Companies record and store information about individuals’ movements from webpage to webpage as they browse the internet. Some industry self regulating agencies such as the Network Advertising Initiative (NAI) offer the option to opt out of their customizing advertisement infrastructure. Just by visiting the NAI website, I discovered that 93 different NAI members currently track my internet usage through cookies in order to provide me with targeted advertising. While I can opt out of “internet advertising delivered to [my] device via HTTP cookies,” my opt out through their trade organization covers neither non NAI members, nor the use of other technologies besides http cookies by NAI members. NAI states that a mechanism for opting out of these other tracking devices is in development. Also, critical to note, opting out of NAI members’ tracking does not affect the storing and sharing of information by various social networking or email services with which I elect to share how I am feeling, where I am going, and the identities of my friends.
A Time journalist recently discovered that opting out of online data collection required behavior that made her appear anti-social and even criminal. The goal of her experiment was to hide her pregnancy from the data collection “bots” on the internet. To accomplish this, she only paid for purchases with cash and prepaid gift cards, only visited baby related websites through Tor, a private browser that routes an individual’s traffic through foreign servers, and she attempted to convince all her acquaintances not to mention the pregnancy on social networking sites. She says this quest forced her into increasingly awkward interactions with family members and the wider world. She deleted an uncle from facebook after he mentioned her pregnancy in a message (which he mistakenly thought was private). And the corner store put her on a watch list for her abnormal purchasing behavior.

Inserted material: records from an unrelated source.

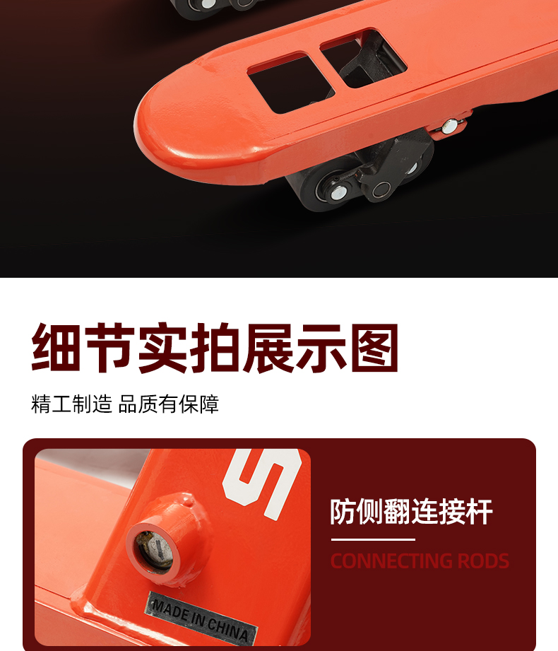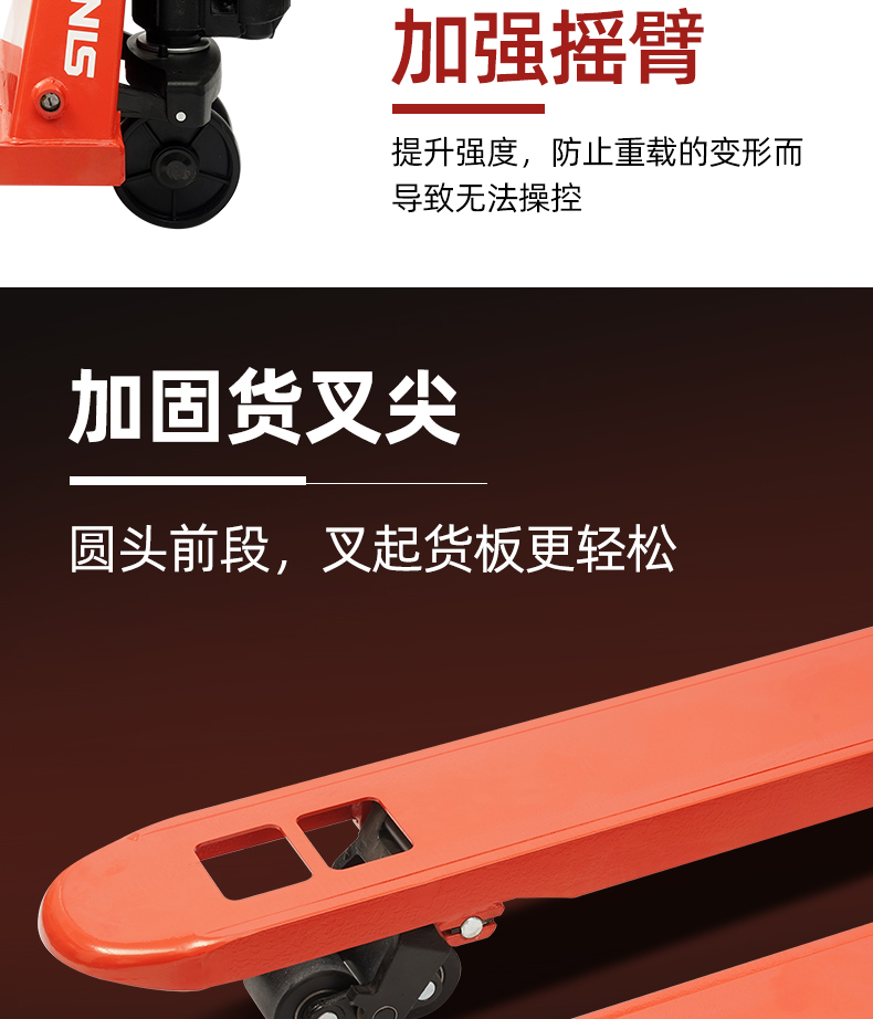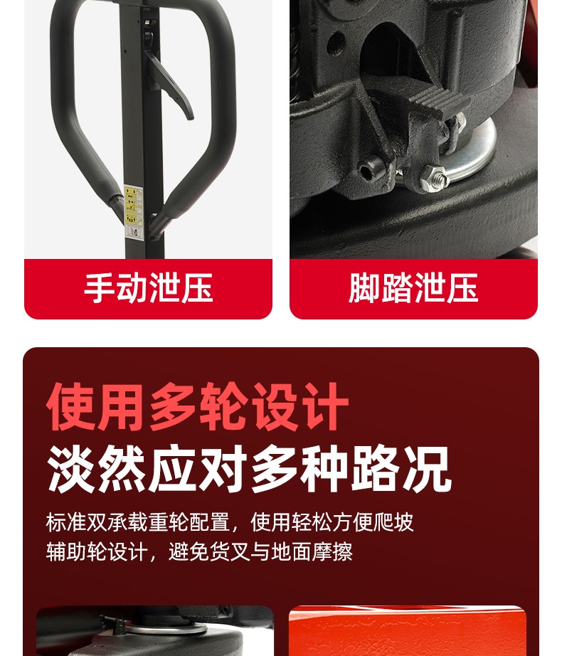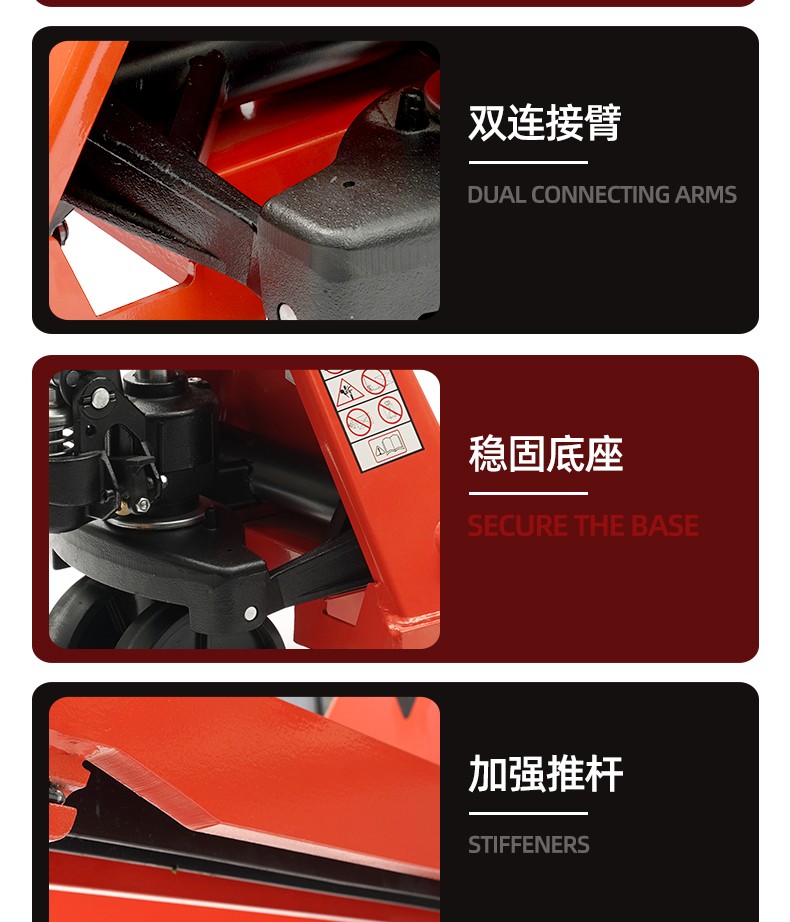 1.重型手动托盘车是一种便于托盘化货物通过地板运输的设备。
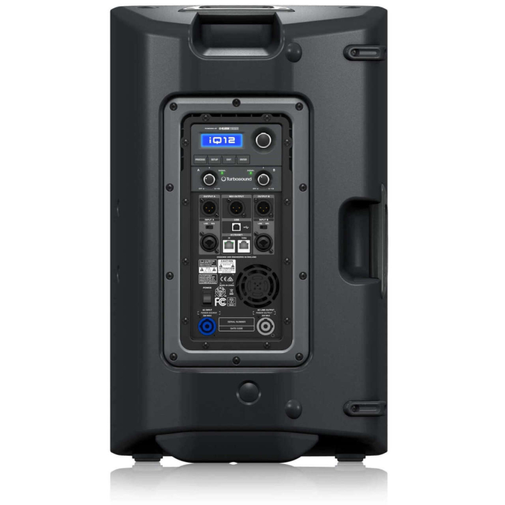Arka panel amplifikatör modülünde, bir LCD ekran, Kanal A ve B kazanç kontrolleri ve seviye, EQ, Hoparlör modelleme, SCC, Subwoofer Entegrasyonuna sezgisel erişim için tek bir döner kodlayıcıdan oluşan tam özellikli bir kullanıcı arayüzü bulacaksınız. Geri Bildirim Kontrolü (FBI). İki kombinasyon dengeli XLR / jak girişine, iki bağımsız kanalın her biri için dengeli XLR çıkışlarına ve bir Mix Out XLR konektörüne ek olarak, iQ12 bir mikrofon / hat anahtarı ve her kanalda sinyal mevcut LED ile seviye kontrolü içerir.
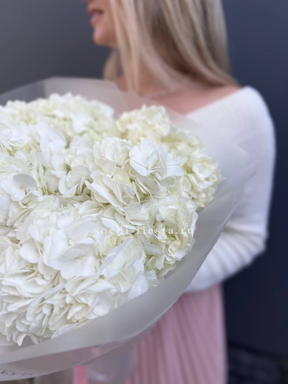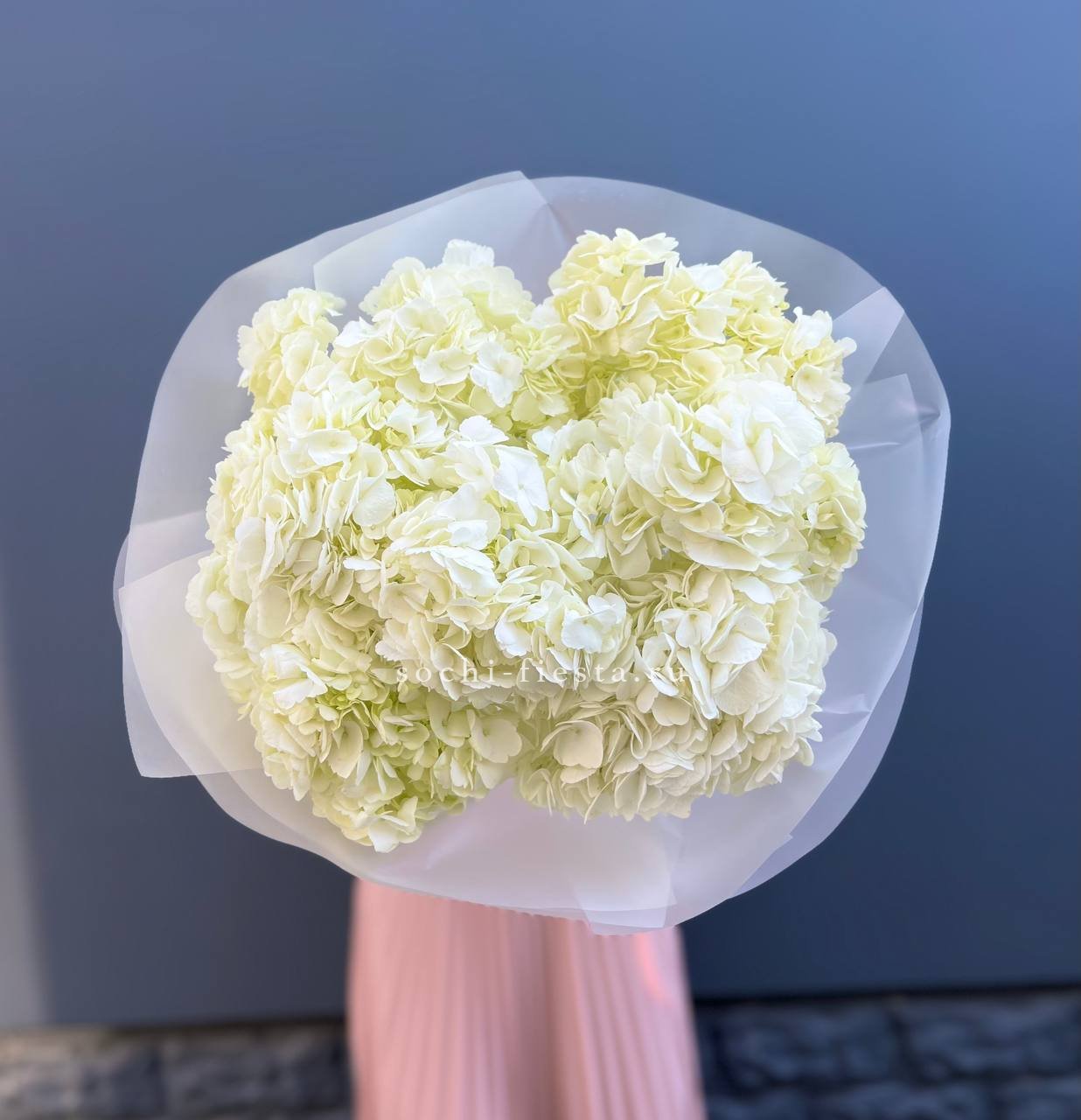 Гортензия в дизайнерской упаковке с текстильным акцентом выглядит современно и лаконично. Необычная подача придаёт букету характер, делая его запоминающимся дополнением момента.
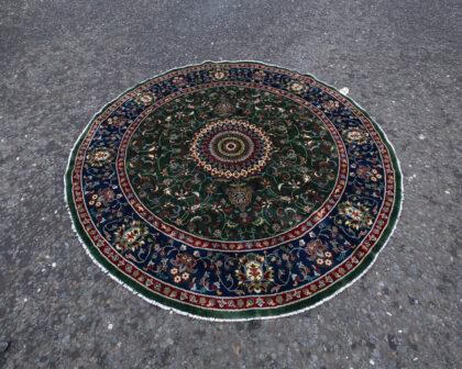 Discover the allure of this exceptionally rare Afghan circular rug, featuring a stunning green ground with intricate double knot craftsmanship. Made from 100% wool, it offers a luxurious full pile, providing both comfort and elegance. Perfect for adding a touch of sophistication to any space, this 200cm diameter rug showcases a rich palette of green, blue, and red with ornate floral and geometric patterns.
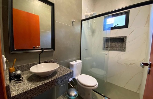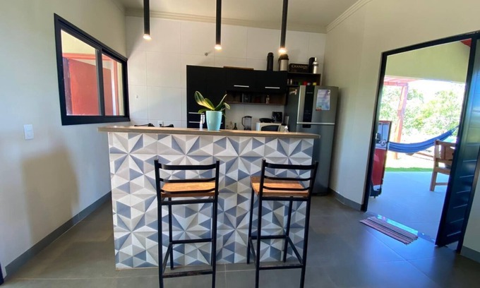 Sophisticated 3 bedroom house less than 5 minutes from the Main Square of Bonito, ideal for families and groups to stay very comfortably. It has:
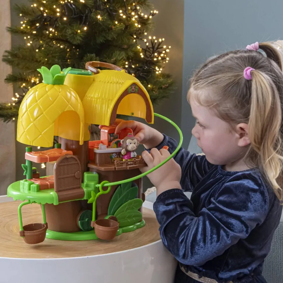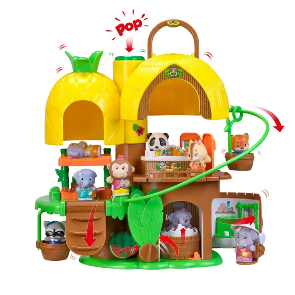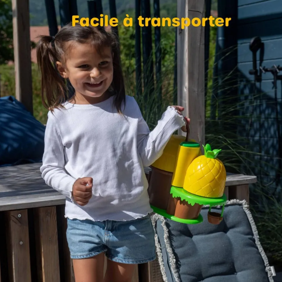 En appuyant sur un bouton, POP ! : l’ananas et la hutte se soulèvent pour révéler l’intérieur.
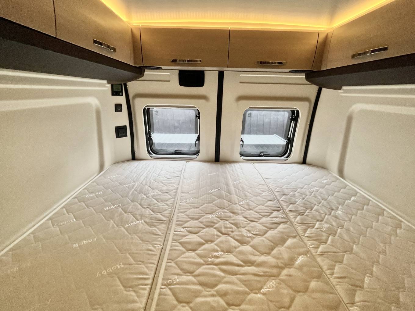 Finally to the rear of the van you have the bedroom area, this can be used as two singles or a large double with sufficient space underneath for additional storage, the bed area can be easily converted to a garage space when necessary.
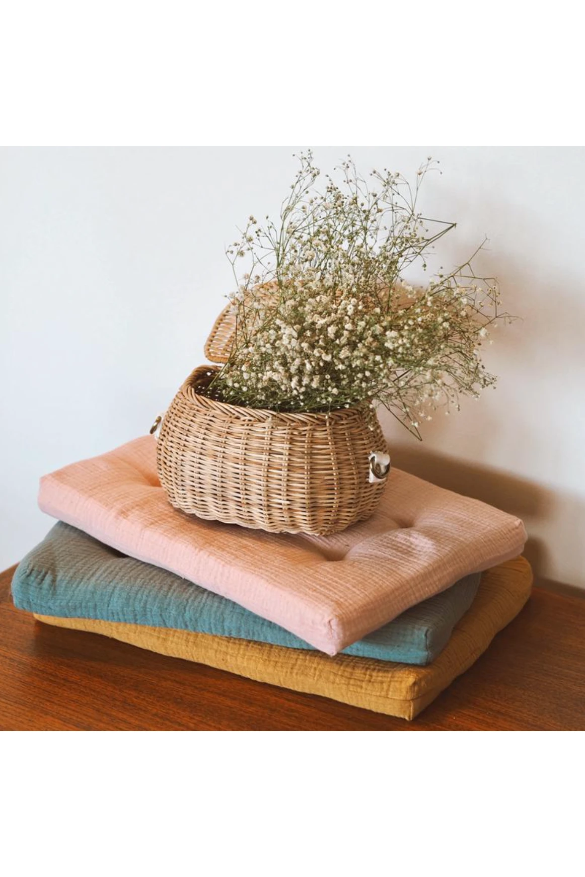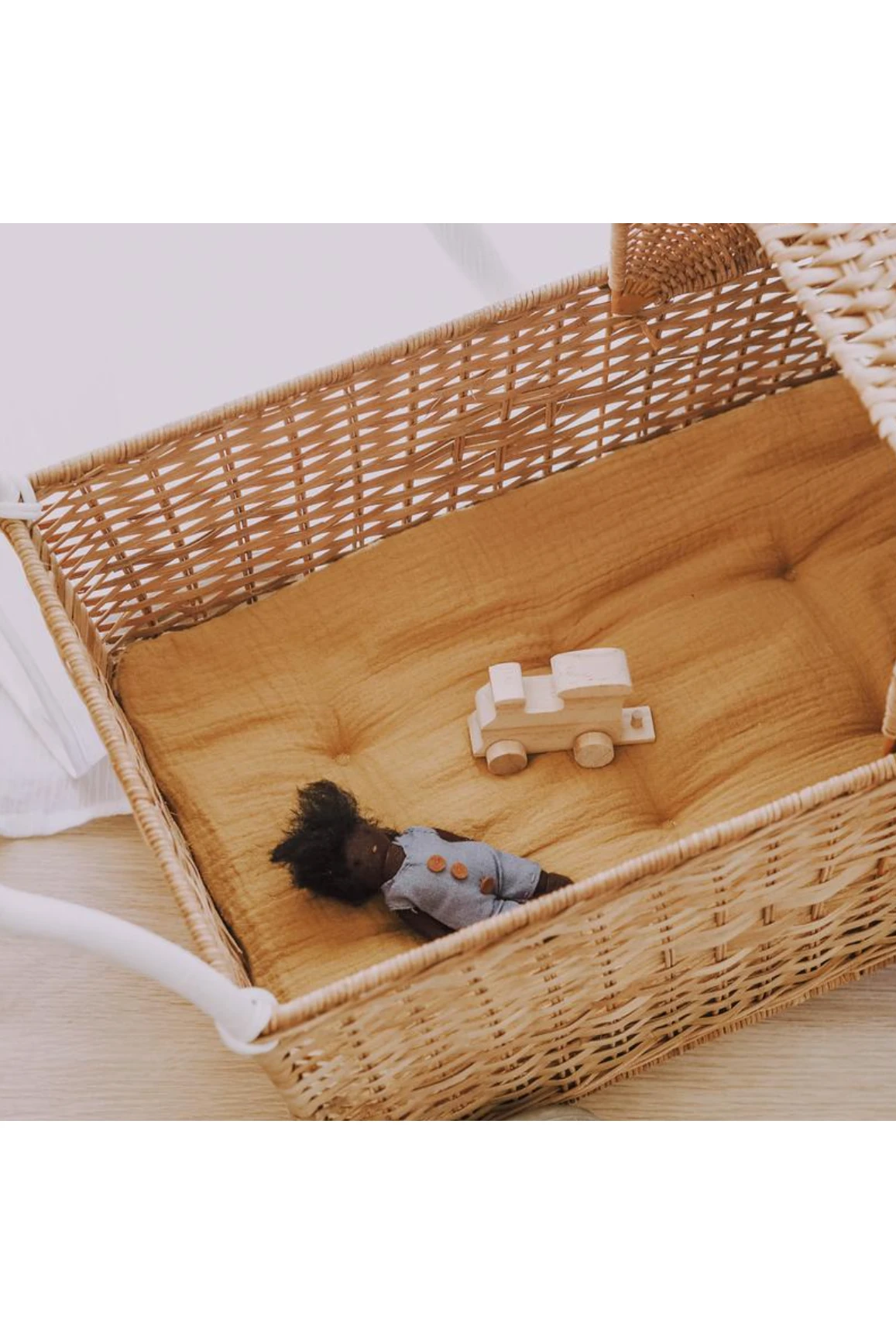 This soft cotton muslin cushion will keep dolls comfortable! Fits perfectly into the Olli Ella Strolley.
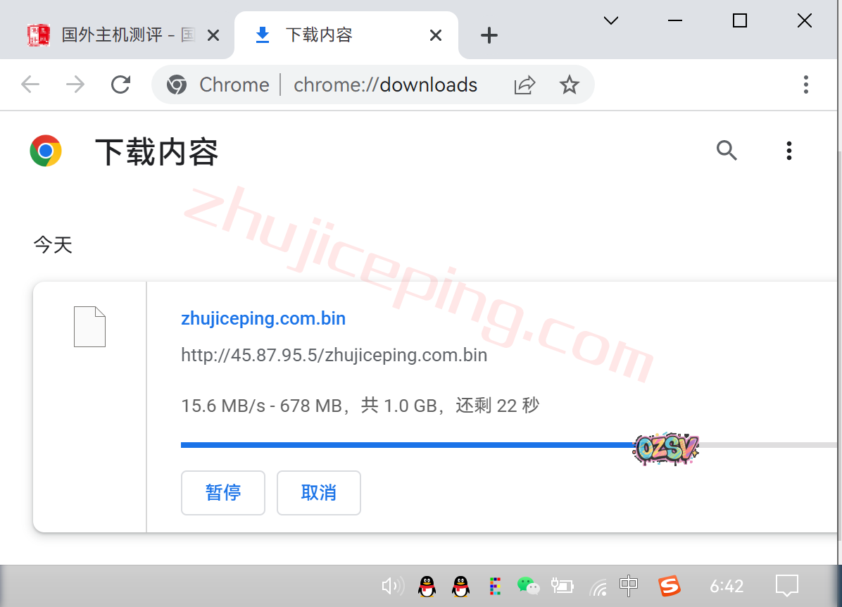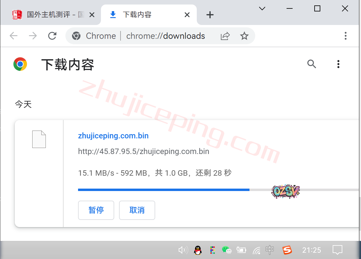 存放在测试小鸡上面的文件,广州电信家庭带宽直接用浏览器下载,大致数据如下:
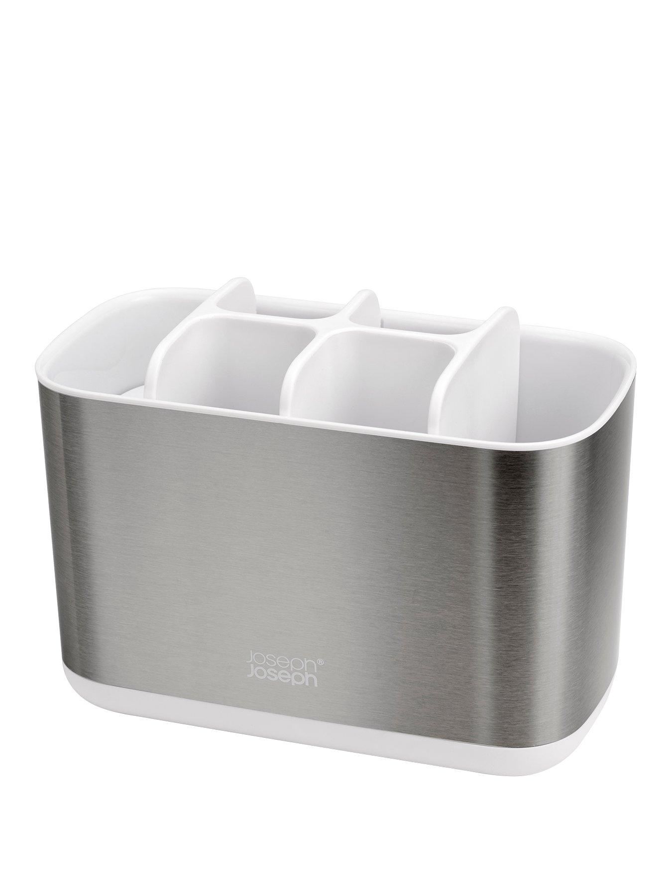 Joseph Joseph Easystore Steel Toothbrush Caddy Large This large toothbrush caddy is divided into several sections providing organised storage for a range of oral care items, including manual/electric toothbrushes, toothpaste tubes and dental floss. It has a smart stainless-steel finish and features a shallow compartment for small items, a ventilation hole for quick drying and a non-slip base. Dismantles for easy cleaning. Depth: 10 CM Height: 14 CM Material Content: ABS Width: 18 CM Suitable for storing electric/battery toothbrushes, toothpaste tubes and dental floss Stainless-steel finish with fingerprint-resistant coating Ventilated for quick drying Non-slip feet Dismantles for easy cleaning Wash and dry by hand. Do not use abrasive cloths or strong chemical cleaners.

Lest consumers become too alarmed they should know that the law does adequately protect information about personal movie rentals. In 1987, a member of the media obtained Robert Bork’s video rental records and they surfaced as part of his contentious and ultimately unsuccessful Supreme Court nomination hearing. In response, Congress made it a crime to disclose video, DVD, and video game rentals without specific consumer consent. 18 U.S.C. § 2710. Companies such as Netflix are still fighting to change this law in order to integrate their products with social media websites.
Perhaps this strangely specific law sheds light on what must happen in order to safeguard the internet privacy of ordinary Americans. Members of Congress must feel that the current dragnet data collection regime threatens their own privacy, their own reputations, and their own jobs, just as they did with respect to movie rental information following the Bork hearing. Until that fated day arrives, Americans who value their privacy can attempt to follow the lead of the Senate’s flip-phone caucus.